The Working {Outside the Home} Mom War Rages on...

**Made a few addendums to this post because I don't want you to think that I feel mom's who stay at home aren't working too. Definitely not the case. But this research was focused on the children of mothers who worked outside of the home, compared to those whose mothers remained home with them. Ok, carry on.** 

During exam weeks I always have a HUGE case of Mommy Guilt.

I would only see my child for maybe two hours a day - getting him ready and taking him to school in the morning. I know he misses me, but I always wonder if he is angry that I am gone all the time, or thinks that I would rather be at school instead of at home with him. The thought of this makes me want to cry.

WebMD ran an article back in July basically saying, "rest assured Moms, your kids won't have any major behavior problems because you work outside the home." You can read the article on the study done by the Journal of Epidemiology and Community Health in it's entirety here.

It never even crossed my mind that Nate could have long-term behavior problems because of my absence. My mom worked out of the home up until my youngest brother was born and then she stayed home, so I got both experiences and I think we all turned out fine - in fact, quite excellent haha...

Even though we working {outside the home} moms continue to tell ourselves that working outside the home isn't short-changing our child, it was a refreshing change to hear someone else saying it.
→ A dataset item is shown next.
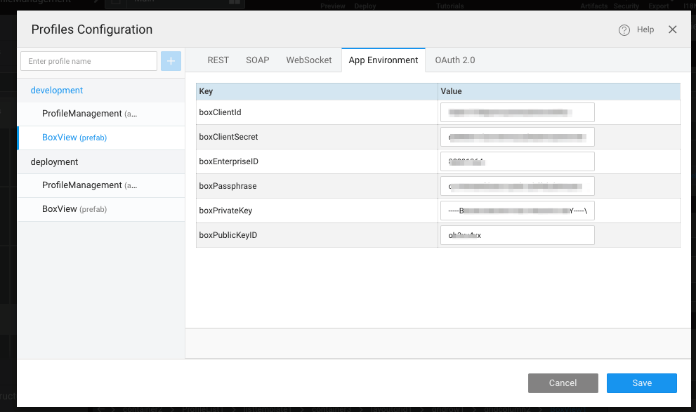 In your app’s Settings > Config profile > Box prefab > App Environment
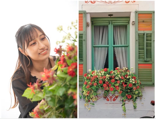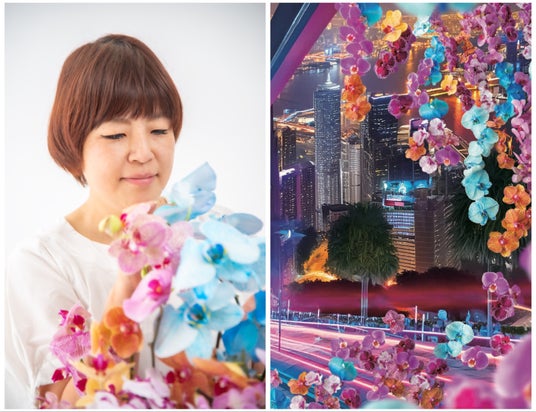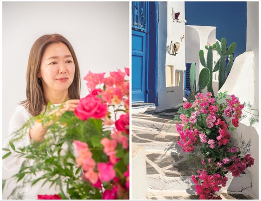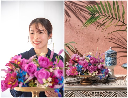 その後、プロのカメラマンと共に花の向きや光を調整し、アレンジメントを撮影。最後に、生成AIによって生み出された風景画像と実際に撮影した生花アレンジメント画像とを「そこにある花」として合成・調和させ、これまでにない一枚のアートとして仕上げました。

A completely different message than the New York Times article in which one mother and physician slaps us with the notion that we can't have it all.

The article asserts something that is kind of common sense - that a big part of your child's success is taking the time to find a good caregiver...Oh ok.


But it concludes with this:
In fact, "parents who do the best job are the ones who have interests outside of children, and working is certainly one of these interests," she says. "If you need to work or want to work, guilt is a wasted emotion."
I think that point is HUGE. Whether you work outside the home or not, moms need to have a life/identity outside of their children. This ensures that they are fulfilled and happy. And a happy mom is a better mom for her kids.


Moms, did you read this article? What do you think? Should we even still be talking about this, let alone doing/funding research on it?